(Recorded data)
Content starts

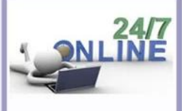
7-24 Hours services
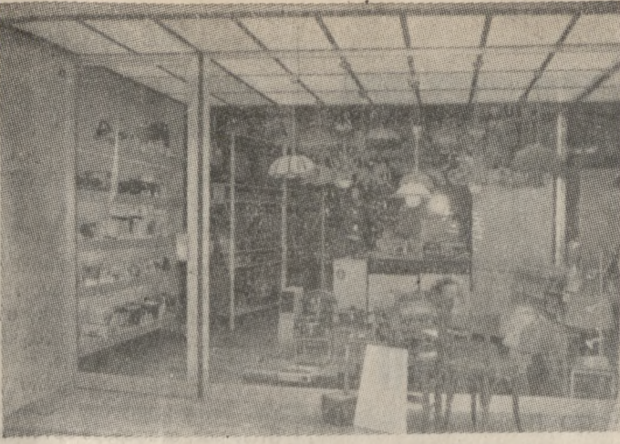
Το Κατάστημα του κ. Δημ. Μορκοδημητράκη, απ' όπου κλάπηκα τα 4 βίντεο.

ΚΑΙ ΓΙΑ να σταματήσουμε τη γκρίνια καλόν είναι να θυμηθούμε με πως οι Αποκριές θέλουμε σπίτι και οικογενειακό τζακι και τραπέζια κοινή, γονιές, συγγενών και φίλων για να εορταστούν όπως πρέπει. Με τον πατριόπαροδο, δηλαδή, ελληνικό και μάλι στα Κρητικά, τρόπο. Ο κίονος αυτός εορτασμός και η χούρος μενη οικογενειακή ατμόσφαιρα, είναι ο πρόδρομος—ωχρή αντί
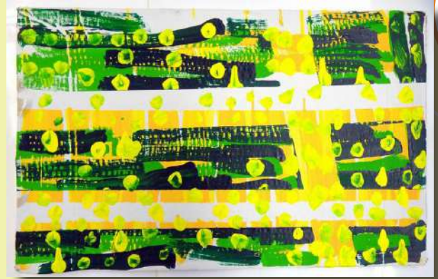
“Pomlad”, Mateja, akril
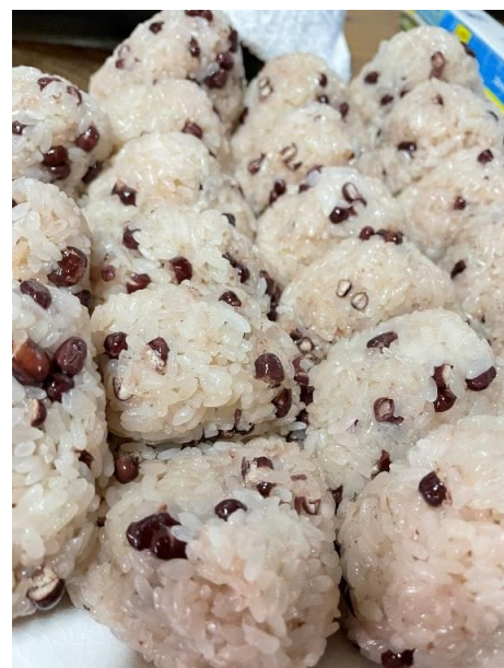
↑最近持ち帰ったおこわおにぎり

次に帰省する時も、キャリーバックの半面に荷物とお土産の赤福を詰めて、いつものように半面は空にして帰ろうと思います。
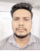
कोचियों को अवैध रूप से बड़ी मात्रा में उपलब्ध कराता था शराब

राजनांदगांव (दावा)। बसंतपुर को अवैध लाभ अर्जित करने के उद्देश्य से बिन्नी हेतु परिवहन करते घेरावदी कर उसे गौरव पथ अस्पताल कालोनी, पानी टकी के पास मेन रोड में पकड़ा गया। पुलिस ने आरोपी के पास से कुल 249 पाँचवा देशी शराब जमला 44.820 बल्क लीटर देशी शराब कीमत 22,410 रुपये एवं एक नीले रंग की एक्टवा क्रामाक सीजी-08/ए एन 0746 कीमती 40 हजार रुपये तथा आरोपी द्वारा उपयोग किये गये मोबाइल वन फ्लस कीमती 15 हजार कुल कीमती 77,410 रुपये को धारा 34 (2) आवकरी एक्ट के तहत जब्त किया गया है।
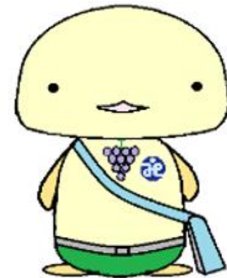
「ほのぼのちゃん」 柏原市社協イメージキャラクター
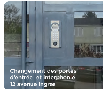
Changement des portes d'entrée et interphonie 12 avenue Ingres
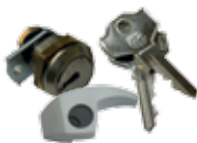
Cylindre DIN avec cryptage variable (1 pc)
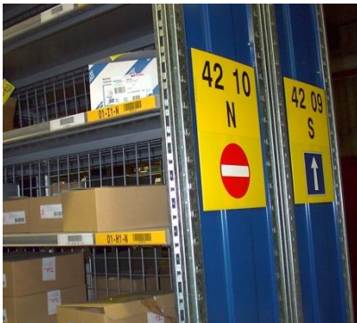
Sens de circulation
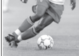
မန်ယူတိုက်စစ်မှူး လူးဝစ်ဆာဟာ

သို့သော် ပြီးခဲ့သည့်ပရီမီယာလိဂ်တွင် မန်ယူကွင်း၌ စပါးတို့တစ်ပွဲစီ သရေဖြစ်အောင် ကြိုးစားပမ်းစားကစားခဲ့သည့်ကိုလည်း မမေ့အပ်ရ။ စပါးတို့က အဆုံးကွင်း၌ ရလဒ်ကောင်းအောင် ကစားမည်သာ ဖြစ်သည်။ စပါးတွင် လီဗာပူးဆန်မှ ပြောင်းလာသော ဘာဘာ
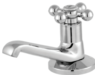
CÓD. DESCRIÇÃO 2196 TORNEIRA 1193 METAL LAVATORIO C-33
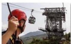
Cable car maintenance
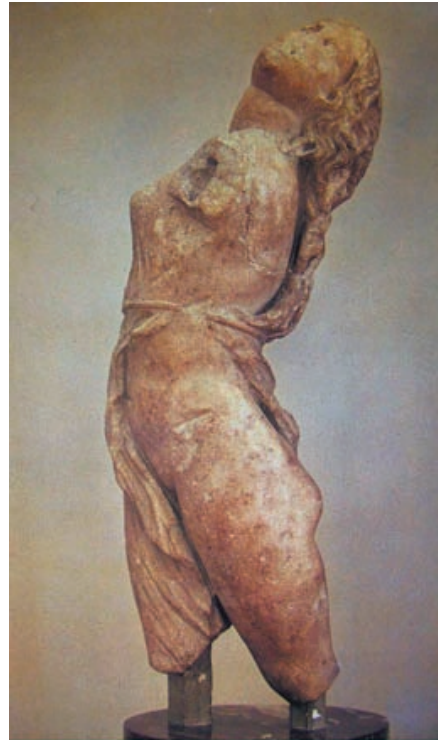
Lámina 2 (hasta 4 puntos). / Lámina 2 (ata 4 puntos).

Realiza un estudio iconográfico y formal de la obra incidiendo en su concepción espacial (hasta 2 puntos). / Realiza un estudio iconográfico e formal da obra incidindo na súa concepción espacial (ata 2 puntos).
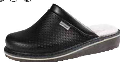
Art. Z601 07 Sortiment: 35 - 48

Content ends

* _WHAT IS REQUIRED_: Retype every entry exactly as written. Leave the pictures out.

* _SOLVED PROBLEM_:
7-24 Hours services
Το Κατάστημα του κ. Δημ. Μορκοδημητράκη, απ' όπου κλάπηκα τα 4 βίντεο.

ΚΑΙ ΓΙΑ να σταματήσουμε τη γκρίνια καλόν είναι να θυμηθούμε με πως οι Αποκριές θέλουμε σπίτι και οικογενειακό τζακι και τραπέζια κοινή, γονιές, συγγενών και φίλων για να εορταστούν όπως πρέπει. Με τον πατριόπαροδο, δηλαδή, ελληνικό και μάλι στα Κρητικά, τρόπο. Ο κίονος αυτός εορτασμός και η χούρος μενη οικογενειακή ατμόσφαιρα, είναι ο πρόδρομος—ωχρή αντί
“Pomlad”, Mateja, akril
↑最近持ち帰ったおこわおにぎり

次に帰省する時も、キャリーバックの半面に荷物とお土産の赤福を詰めて、いつものように半面は空にして帰ろうと思います。
कोचियों को अवैध रूप से बड़ी मात्रा में उपलब्ध कराता था शराब

राजनांदगांव (दावा)। बसंतपुर को अवैध लाभ अर्जित करने के उद्देश्य से बिन्नी हेतु परिवहन करते घेरावदी कर उसे गौरव पथ अस्पताल कालोनी, पानी टकी के पास मेन रोड में पकड़ा गया। पुलिस ने आरोपी के पास से कुल 249 पाँचवा देशी शराब जमला 44.820 बल्क लीटर देशी शराब कीमत 22,410 रुपये एवं एक नीले रंग की एक्टवा क्रामाक सीजी-08/ए एन 0746 कीमती 40 हजार रुपये तथा आरोपी द्वारा उपयोग किये गये मोबाइल वन फ्लस कीमती 15 हजार कुल कीमती 77,410 रुपये को धारा 34 (2) आवकरी एक्ट के तहत जब्त किया गया है।
「ほのぼのちゃん」 柏原市社協イメージキャラクター
Changement des portes d'entrée et interphonie 12 avenue Ingres
Cylindre DIN avec cryptage variable (1 pc)
Sens de circulation
မန်ယူတိုက်စစ်မှူး လူးဝစ်ဆာဟာ

သို့သော် ပြီးခဲ့သည့်ပရီမီယာလိဂ်တွင် မန်ယူကွင်း၌ စပါးတို့တစ်ပွဲစီ သရေဖြစ်အောင် ကြိုးစားပမ်းစားကစားခဲ့သည့်ကိုလည်း မမေ့အပ်ရ။ စပါးတို့က အဆုံးကွင်း၌ ရလဒ်ကောင်းအောင် ကစားမည်သာ ဖြစ်သည်။ စပါးတွင် လီဗာပူးဆန်မှ ပြောင်းလာသော ဘာဘာ
CÓD. DESCRIÇÃO 2196 TORNEIRA 1193 METAL LAVATORIO C-33
Cable car maintenance
Lámina 2 (hasta 4 puntos). / Lámina 2 (ata 4 puntos).

Realiza un estudio iconográfico y formal de la obra incidiendo en su concepción espacial (hasta 2 puntos). / Realiza un estudio iconográfico e formal da obra incidindo na súa concepción espacial (ata 2 puntos).
Art. Z601 07 Sortiment: 35 - 48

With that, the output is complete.